* Task statement *
The task calls for the lines from the start of the entries below through the line with "Giant flowering plant", given again verbatim, with every picture dropped.
-------- Raw data --------
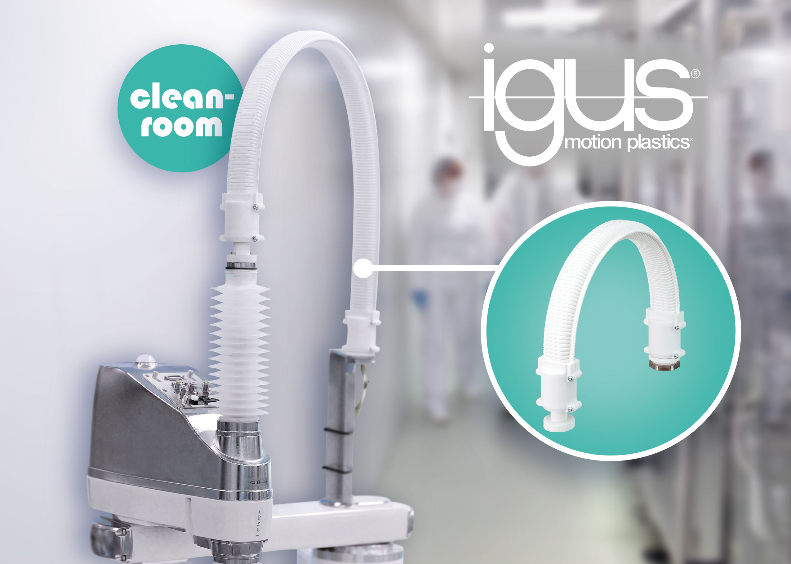 “Finding a way to guide cables and hoses on a SCARA robot in a cleanroom is a science in itself. Fast movements are pure stress for the material, which releases unwelcome abrasion particles,” says Matthias Meyer, Head of the triflex and Robotics Business Unit at igus.
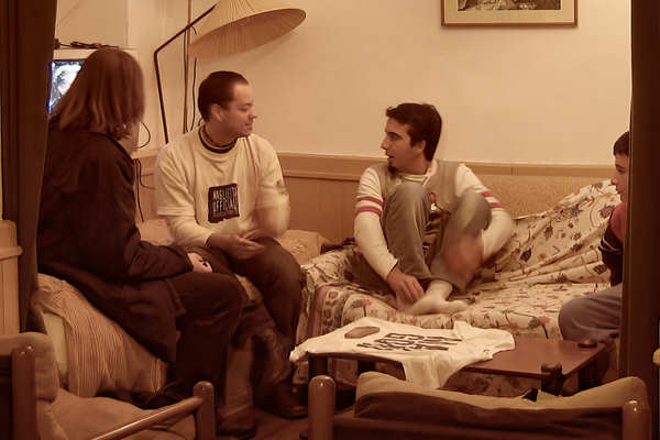 Dagarlass ci rivelò che i due divani che c'erano in soggiorno, se opportunamente trasformati, potevano dare luogo a tre posti letto e... purtroppo, mentre ce lo spiegava, si sdraiò su uno dei divani e si addormentò.
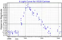 518 Carinae was discovered to change in brightness after analysis of Hipparcos photometry. The amplitude of the variations seen is 0.2 magnitudes, with possible periods of 100 and 971 days.[11] It is classified as a γ Cassiopeiae variable.[12][4]
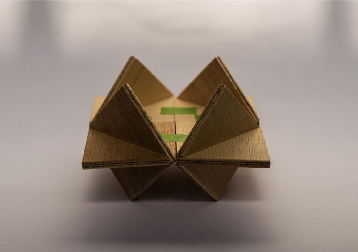 The principles of knitting are applied at all levels of the system’s design, including its construction technique. Both the individual elements and the entire system technically function on the principle of knitting – the joints between elements represent a carpentry-based interpretation of the theme, creating flexible or rigid versions of interlacing in various wood-based materials, while only eco-friendly materials were used in production.
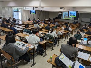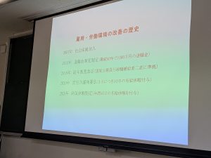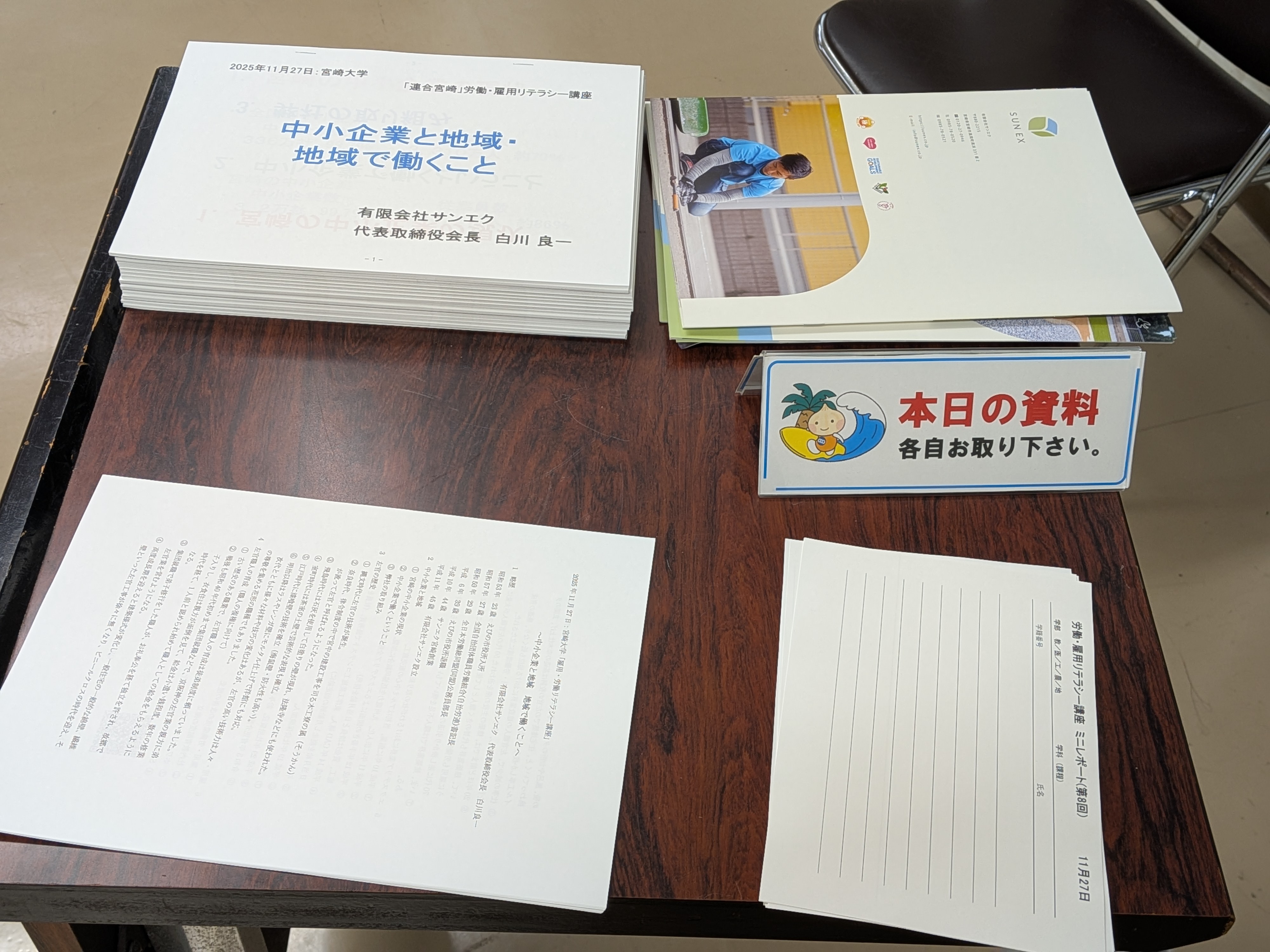 11月27日、宮崎大学において「中小企業と地域・地域で働くこと」と題して、有限会社サンエク 代表取締役会長 白川良一様による講義が行われました。大企業と比べ賃金水準や福利厚生は劣りますが、下記のとおり社員が安心して働ける会社をめざしている取り組みの説明がありました。
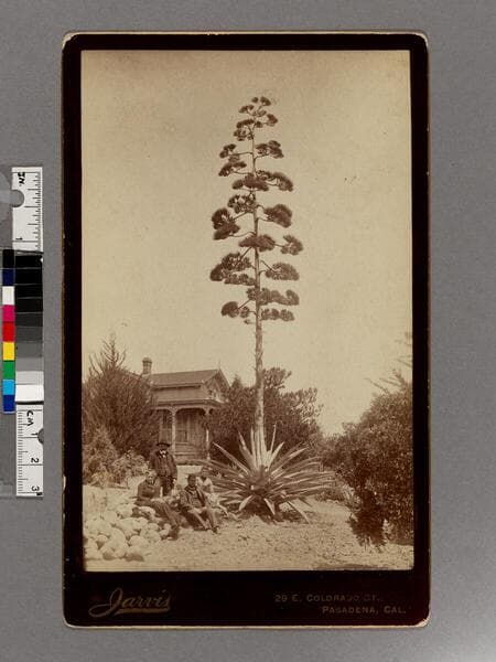 Giant flowering plant in front of house, Pasadena
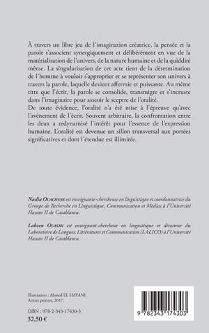 Toute langue véhicule une culture traditionnelle qui diffère d'une région à l'autre. Elle est le vernaculaire d'une littérature orale très riche représentée par les genres classiques prosaïques et poétiques. La parole permet à l'homme de s'approprier et de se représenter son univers. Au même titre que l'écrit, la parole se consolide, transmigre et s'incruste dans l'imaginaire pour asseoir le sceptre de l'oralité. Souvent arbitraire, la confrontation entre l'écrit et l'oral a redynamisé l'intérêt pour l'essence de l'expression humaine. Les contributions contenues dans ce livre tentent de cerner en partie le concept de l'oralité à travers contes, chansons, devinettes, poésie, aphorismes, littérature et chant.
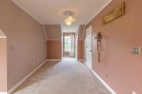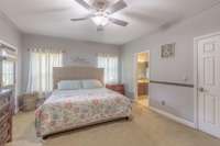 The main- level primary suite is generously sized and includes a walk- in closet, a spa- like en- suite with a jetted tub, and a private sunroom with its own heating and air—perfect for year- round relaxation. Upstairs, two oversized bedrooms with walk- in closets share a full bath.
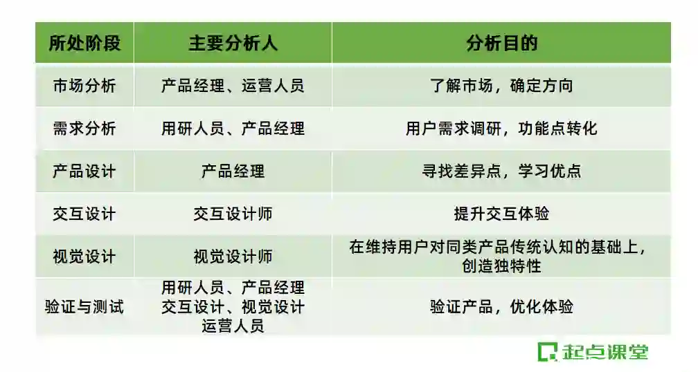 在产品不同的发展阶段,产品经理都需要对其进行竞品分析,而在不同的发展阶段,分析报告则会有完全不同的目的和侧重。
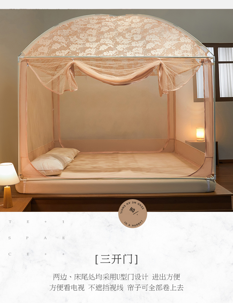(总)飞轮海蚊帐 2023新款三开门落地遮光蚊帐-L-93,高级灰,芥末绿,奶油黄,香槟
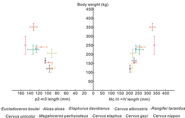 圖4. 從下頜齒列及掌、蹠骨長度對(duì)布氏真枝角及其它鹿類進(jìn)行的體重估算(張貝供圖)
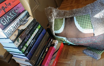 This is my buddy Ichabod. He's just checking out some of the books...that I have..stacked around the floor >_>. I don't have room for them all! XD.
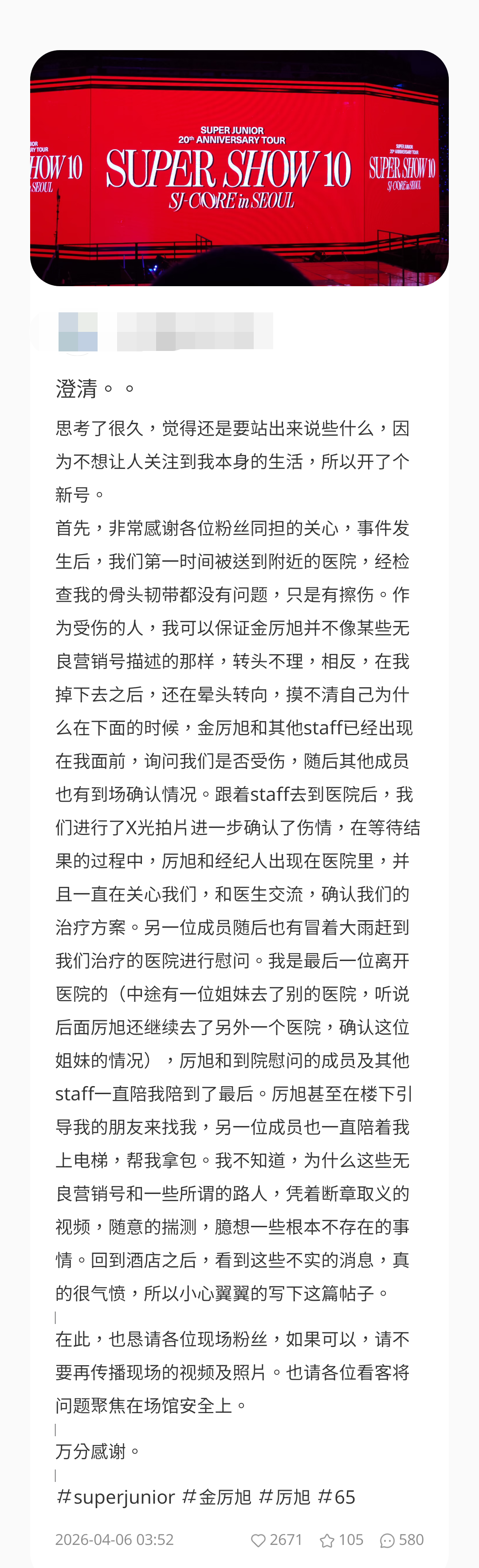 所幸並無大礙。對此,其中一名受傷的粉絲也特別發文,提到厲旭
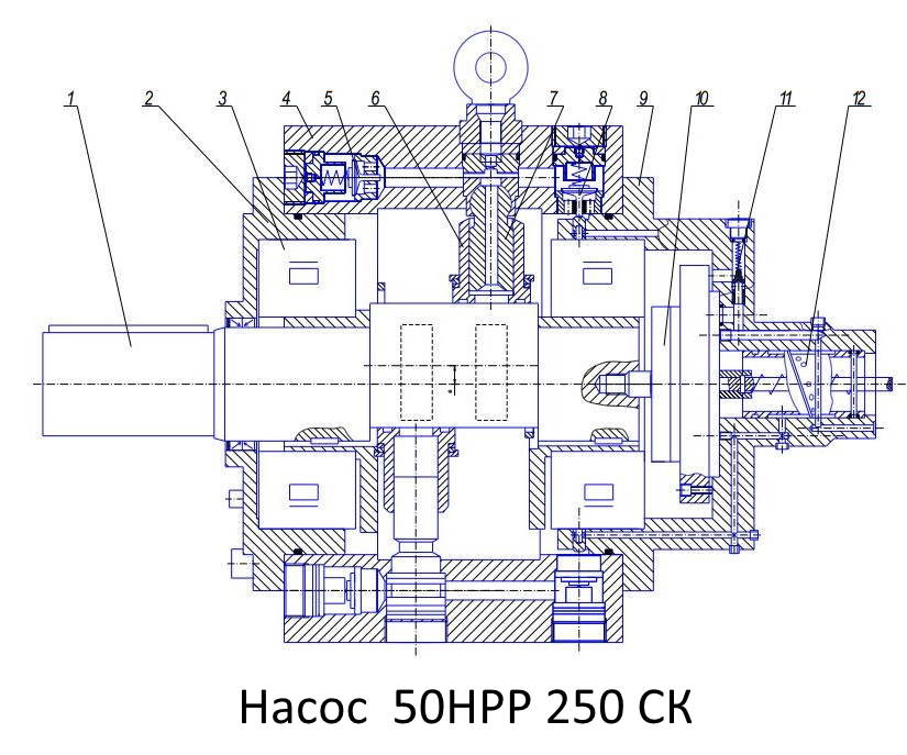 Силовой поток масла обеспечивает плунжерный насос марки 50 НРР 250 СК производства Харьковского завода " Гидропривод " версия 1987 г. Насос Н-1 с дистанционно регулируемой подачей.
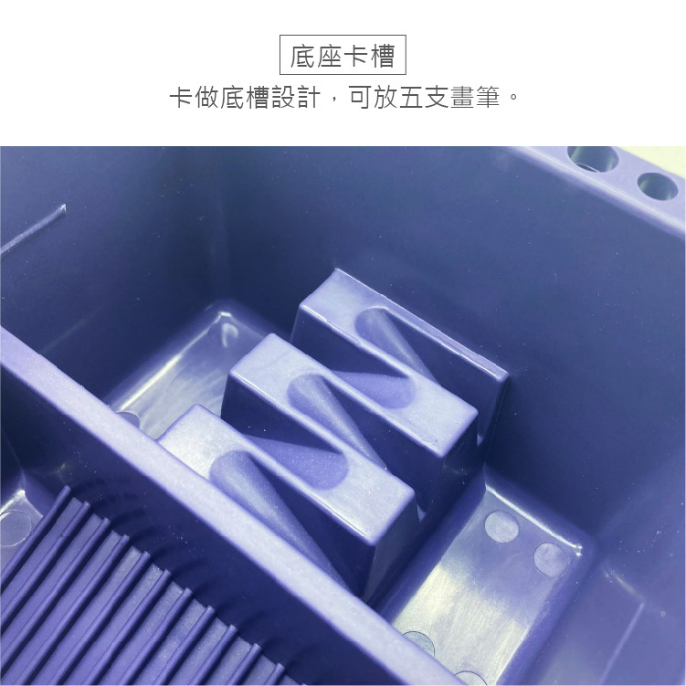 ●邊緣有卡槽可放置筆身,特殊設計,洗刷頭更輕鬆乾淨。
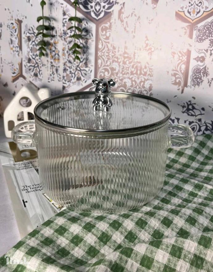 قابلمه پیرکس شعله مستقیم 1.5 لیتر خرسی ساده نقره ای
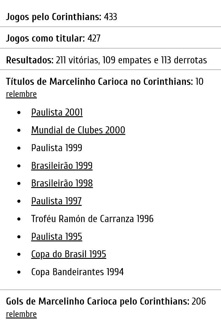 Для болельщиков со стажем 1995 год стал одним из самых важных в истории «Коринтианса». Во многом из-за титулов Паулисты, выигранной у Палмейраса и Кубка Бразилии против «Гремио» Луиса Фелипе Сколари. Это был замечательный год для того, кто станет новым фаворитом торсиды и кто поднимет клуб на новый уровень достижений в ближайшие годы. Это было начало замечательной роли Марселиньо Кариоки в «Коринтиансе».
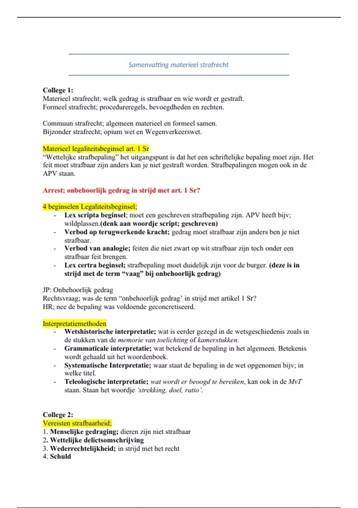 - Lex certra beginsel; strafbepaling moet duidelijk zijn voor de burger. (deze is in
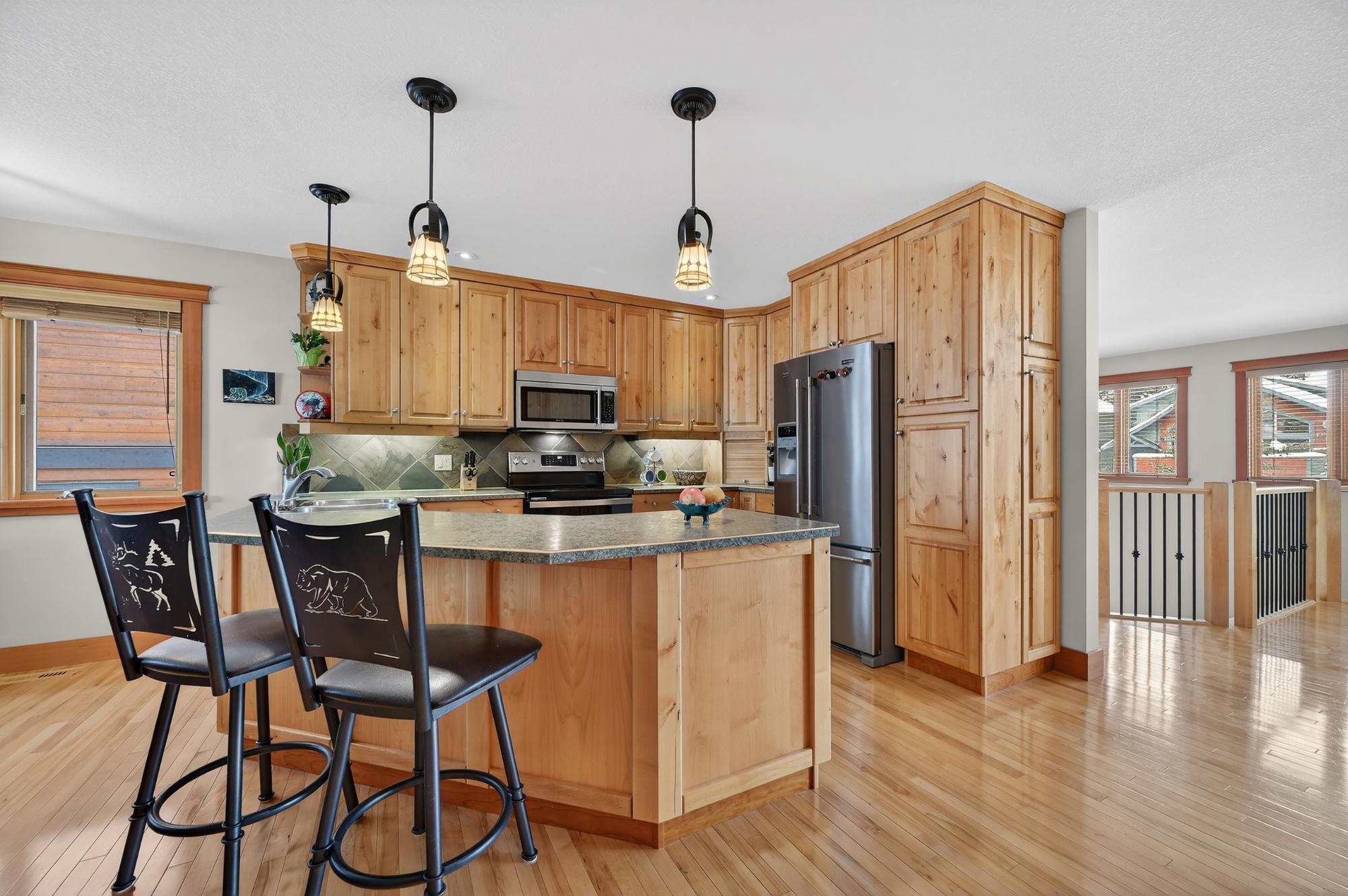 Experience the pinnacle of mountain living on Wilson Way, a premier address tucked into the prestigious Peaks of Grassi. Perched directly at the base of Mount Lawrence Grassi and Ha Ling Peak, this location offers a true "mountain-hideaway" feel with the elevation to match. The lifestyle here is defined by unparalleled door-to-trail access; within seconds, you can be exploring the Highline and Powerline networks or heading to Quarry Lake and the Canmore Nordic Centre. Whether you’re looking for rugged adventure or a peaceful retreat, this home perfectly balances high-altitude serenity with a quick, easy connection to the heart of Canmore. Welcome to 997 Wilson Way, a meticulously maintained, original-owner residence that blends mechanical integrity with an unbeatable mountain lifestyle. This isn't just a house; it’s a fully cared-for sanctuary designed to maximize its high-altitude setting. Practically meets Luxury, A standout feature of this property is the fully legal suite.
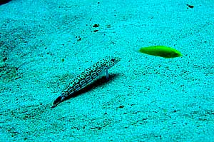 | こちらも私の苦手な被写体。ハタタテハゼだ。中層を泳ぐのは珍しい。 それを、サザナミハギがじっと見ていた。 |
--------
* Output *
 “Finding a way to guide cables and hoses on a SCARA robot in a cleanroom is a science in itself. Fast movements are pure stress for the material, which releases unwelcome abrasion particles,” says Matthias Meyer, Head of the triflex and Robotics Business Unit at igus.
 Dagarlass ci rivelò che i due divani che c'erano in soggiorno, se opportunamente trasformati, potevano dare luogo a tre posti letto e... purtroppo, mentre ce lo spiegava, si sdraiò su uno dei divani e si addormentò.
 518 Carinae was discovered to change in brightness after analysis of Hipparcos photometry. The amplitude of the variations seen is 0.2 magnitudes, with possible periods of 100 and 971 days.[11] It is classified as a γ Cassiopeiae variable.[12][4]
 The principles of knitting are applied at all levels of the system’s design, including its construction technique. Both the individual elements and the entire system technically function on the principle of knitting – the joints between elements represent a carpentry-based interpretation of the theme, creating flexible or rigid versions of interlacing in various wood-based materials, while only eco-friendly materials were used in production.
 11月27日、宮崎大学において「中小企業と地域・地域で働くこと」と題して、有限会社サンエク 代表取締役会長 白川良一様による講義が行われました。大企業と比べ賃金水準や福利厚生は劣りますが、下記のとおり社員が安心して働ける会社をめざしている取り組みの説明がありました。
 Giant flowering plant in front of house, Pasadena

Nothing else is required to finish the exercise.